Наши партнеры:
Московский гуманитарный университет
Кафедра психотерапии, медицинской психологии и сексологии Российской медицинской академии последипломного образования
Профессиональная психотерапевтическая лига

Лес, парк, Пришвин

КАК ПОМОГАЕТ ЛЕС

Однажды ко мне обратилась не старая еще, миловидная женщина с жалобами на существенные расстройства настроения. Она рассказала, что читала о Терапии творческим самовыражением, попробовала почти все ее методы, но без заметного результата.
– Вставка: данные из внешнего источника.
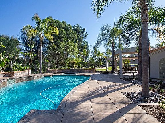 Incredible Olivenhain estate with direct access to the equestrian trail system. This wonderful property is situated on two acres with exquisite grounds. The home is a single-level masterpiece with 6 bedrooms, plus office (or 7th bedroom), and 6 baths. Vaulted ceilings and skylights fill the home with natural light. The kitchen is beautiful with gas cook-top, dual ovens, wine fridge, built-in fridge, prep sink. The kitchen opens to the huge family room which features a beautiful fireplace and opens to the awesome back yard. There is a temperature controlled wine room off the family room with 1000+ bottle capacity. The master suite is on the south end of the home and is architecturally stunning with pitched ceilings and visible ceiling beams. The master features a separate massage/exercise room, fireplace, his & hers walk-in closets and a 3rd utility closet, as well as a spa quality bath. There is direct access to the back yard from the master and a private patio with views of the grounds. There is a second master suite on the opposite end of the home that could easily function as a granny flat. Outside is a peaceful paradise with an outdoor fireplace and covered patio area, outdoor kitchen, and sparkling pool and spa. The lower part of the yard features the tennis court, 1/2 basketball court, chipping and putting green and huge kids playground area in addition to room for horses.
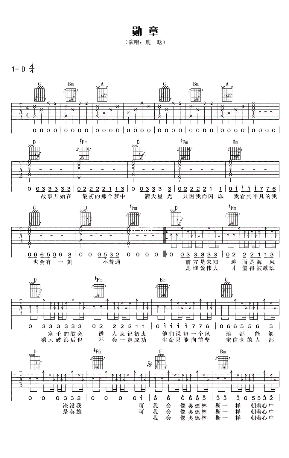 吉他鹿晗《勋章》吉他谱_吉他弹唱谱_新辉吉他编配
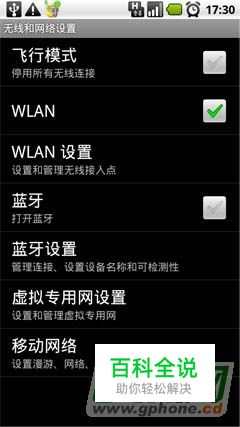 然后在手机里,依次进入 设置—无线和网络。然后勾选上“WLAN”:

Теперь оставался лес, она почему-то верила, что лес непременно поможет.

— Но не могу же я ехать в лес одна, — говорила она, — а проводить меня некому.

Этими ее словами заканчивалась почти всякая наша беседа. Тогда я решил сам ее проводить. Выбрали подходящий день и поехали в знакомые мне места. Утро было тихое и солнечное, а электричка еле ползла, так что в вагоне становилось душно. Тем более резким оказался контраст, когда мы вышли на платформу: тишина с отдаленным пением птиц, свежий прохладный воздух, роса на траве, листьях и, кажется, даже на иглах сосны.
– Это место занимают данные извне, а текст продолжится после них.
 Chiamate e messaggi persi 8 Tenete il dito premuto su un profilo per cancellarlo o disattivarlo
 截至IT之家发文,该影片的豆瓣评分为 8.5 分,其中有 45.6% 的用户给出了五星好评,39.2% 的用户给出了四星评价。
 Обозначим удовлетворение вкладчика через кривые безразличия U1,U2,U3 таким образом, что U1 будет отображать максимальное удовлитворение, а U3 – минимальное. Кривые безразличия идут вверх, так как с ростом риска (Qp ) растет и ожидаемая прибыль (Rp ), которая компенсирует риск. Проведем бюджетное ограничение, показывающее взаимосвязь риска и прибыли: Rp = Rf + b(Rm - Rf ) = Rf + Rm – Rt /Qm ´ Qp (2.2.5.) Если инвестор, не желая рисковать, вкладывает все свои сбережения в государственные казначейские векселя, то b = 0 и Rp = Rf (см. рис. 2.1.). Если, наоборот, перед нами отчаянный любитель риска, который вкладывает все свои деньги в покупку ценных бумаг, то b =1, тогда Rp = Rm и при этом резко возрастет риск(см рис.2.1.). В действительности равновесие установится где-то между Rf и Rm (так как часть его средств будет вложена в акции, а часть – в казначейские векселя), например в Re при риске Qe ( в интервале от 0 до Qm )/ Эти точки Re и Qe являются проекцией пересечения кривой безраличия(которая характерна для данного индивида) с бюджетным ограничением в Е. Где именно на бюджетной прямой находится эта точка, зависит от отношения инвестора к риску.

— Боже, я не слышала пения птиц целую вечность, — воскликнула моя спутница и стала припоминать, когда была последний раз в лесу. Припомнить ей это не удалось, потому что вспоминались все неприятные обстоятельства, о которых она и стала мне рассказывать. При этом она смотрела не на лес, ради которого приехала, а на собеседника, то есть на меня. И так было во все время нашей прогулки. Тщетно пытался я обратить ее внимание на то особенное разноцветье, которое только и бывает в это время. Она рассеянно взглядывала на белые или голубые островки цветов, говорила, что это прелестно, и продолжала свой печальный рассказ. Между тем, мы сделали порядочный круг по лесу и снова вышли к той же платформе, а вскоре сели в подошедшую электричку. Моя спутница так устала, что почти тотчас уснула, как только поезд тронулся, а проснувшись в конце пути, сказала, что чувствует теперь себя совсем хорошо и понимает, как помогает лес. Я хотел возразить и сказать, что это обычное благотворное действие прогулки на свежем воздухе, а не творческое общение с природой, но промолчал, чувствуя, что не смогу так сразу этого объяснить, только огорчу. На том и расстались.
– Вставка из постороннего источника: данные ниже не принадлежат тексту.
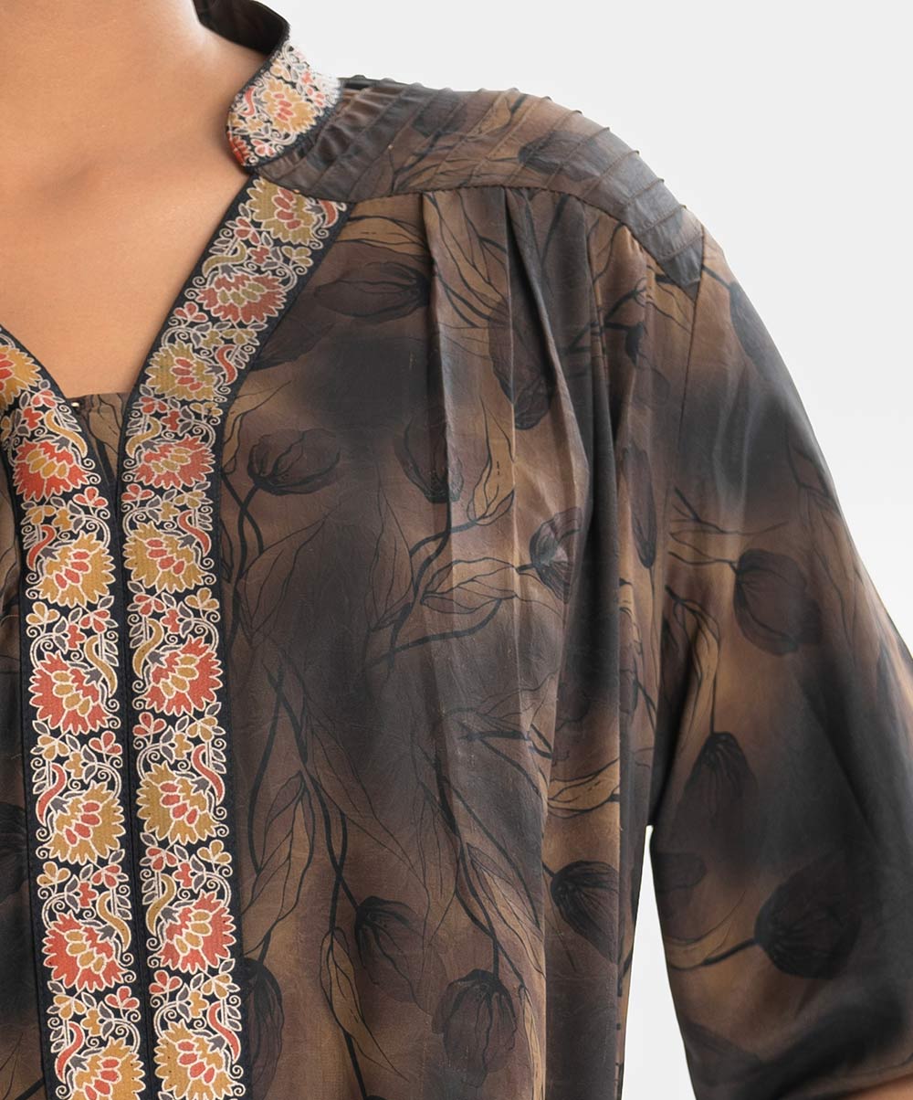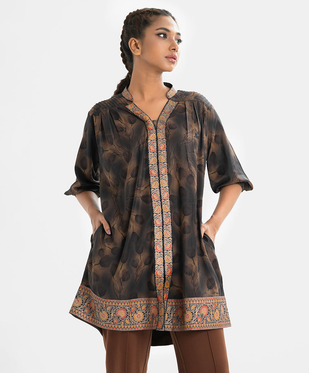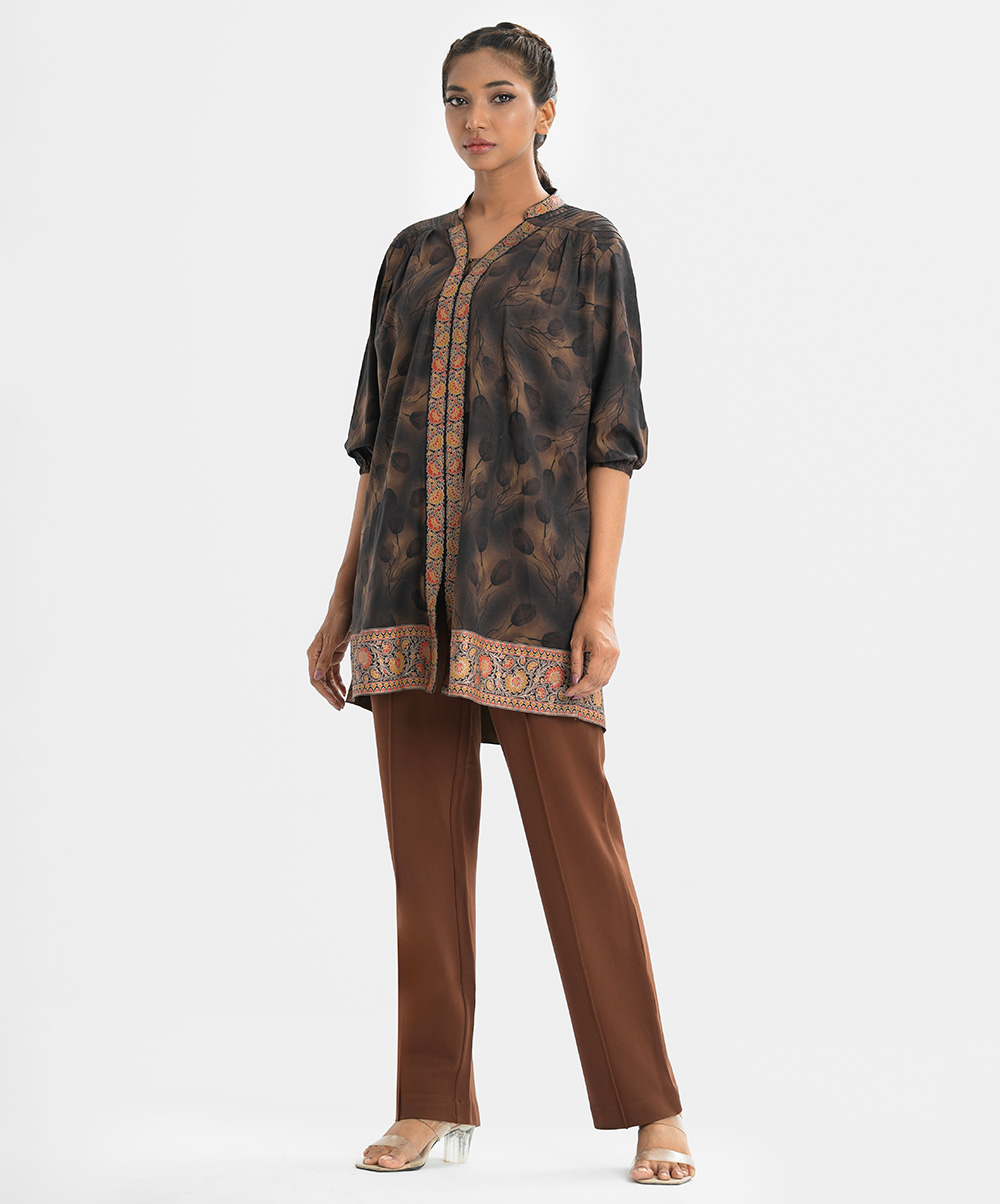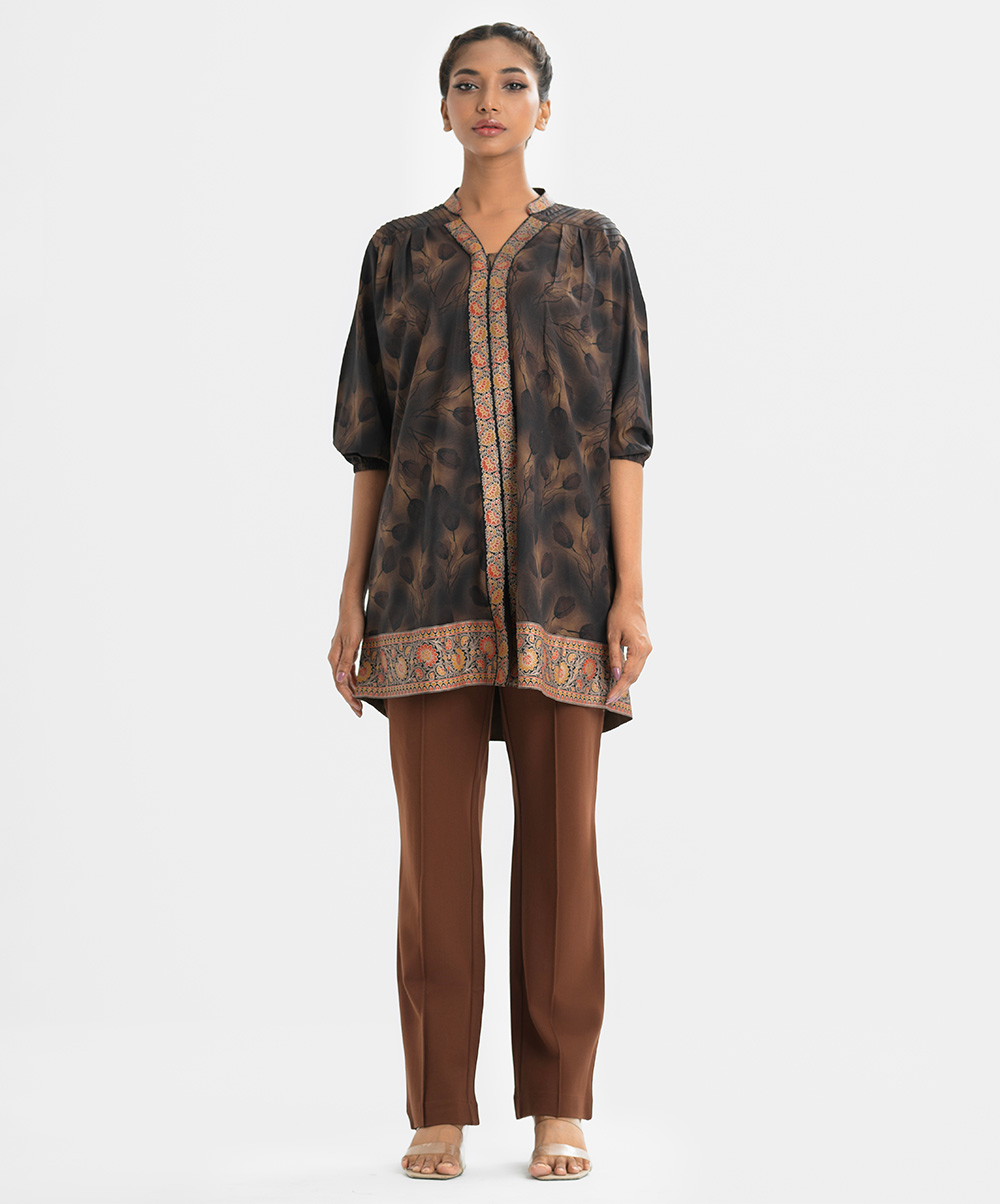 Brown Georgette Straight Tunic

Говоря сейчас о творческом общении с природой, я бы привел этот эпизод не иначе как в качестве курьеза, если бы не одно обстоятельство: во время прогулки моя спутница время от времени фотографировала. И когда проявили пленку и отпечатали снимки, я без труда узнал знакомые места, но видел их как бы по-новому, а сами снимки больше походили на живописные миниатюры — так они были своеобразны, интересны, хороши. Получалось, что она и за разговором видела и чувствовала лес, причем видела глазами художника с определенным типом характера, то есть творчество было налицо.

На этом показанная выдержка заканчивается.